A House-endorsed move to repeal the buffer zone failed on a 12-12 vote in the State Senate.

The opposition of Republican Senators Jerry Little of Weare and Nancy Stiles of Hampton ensured the measure would not go any further.

As expected, Planned Parenthood of Northern England hailed the decision while anti-abortion activists condemned the Senate’s failure to pass it.

Sen. Donna Soucy, D-Manchester, authored the buffer zone law which has been on hold since opponents filed a lawsuit against it in federal court.

Gov. Maggie Hassan signed the bill into law weeks before the US Supreme Court unanimously struck down a Massachusetts buffer zone law of 35 feet.

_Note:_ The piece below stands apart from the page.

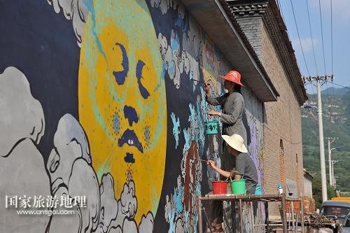 8月10日,兩名藝術(shù)家在山西省和順縣許村的墻壁上繪畫(huà)創(chuàng)作。近年來(lái),許村發(fā)展旅游業(yè),三次舉辦鄉(xiāng)村藝術(shù)節(jié)并邀請(qǐng)國(guó)內(nèi)外藝術(shù)家參加創(chuàng)作,讓現(xiàn)代藝術(shù)和鄉(xiāng)村文明相互融合。

Sen. Stiles stressed the New Hampshire law was very different; clinics did not have to impose buffer zones, violators were only warned on the first offense and the protection zone can be less than 25 feet.

"This is not the same law and it is more accommodating and respectful of free speech rights,’’ Stiles said.

But Sen. Kevin Avard, R-Nashua, said there’s no acceptable reason to restrict the public from peaceful protest outside a clinic.

"We are talking about people praying. I don’t consider that intimidating at all,’’ Avard said.

Rep. Kathleen Souza, a Manchester Republican and co-sponsor of the repeal bill, said it was needed to ward off a costly lawsuit and because harassment is not occurring outside such facilities. Instead, she said, people are acting peacefully. Creating a buffer zone violates the First Amendment rights of people who want to stand outside the clinics, she said.

“It’s an affront to our state, our state’s motto and the Constitution to have this on the books,” she said.

The federal Freedom of Access to Clinic Entrances Act prohibits people from blocking women’s access to reproductive health care services.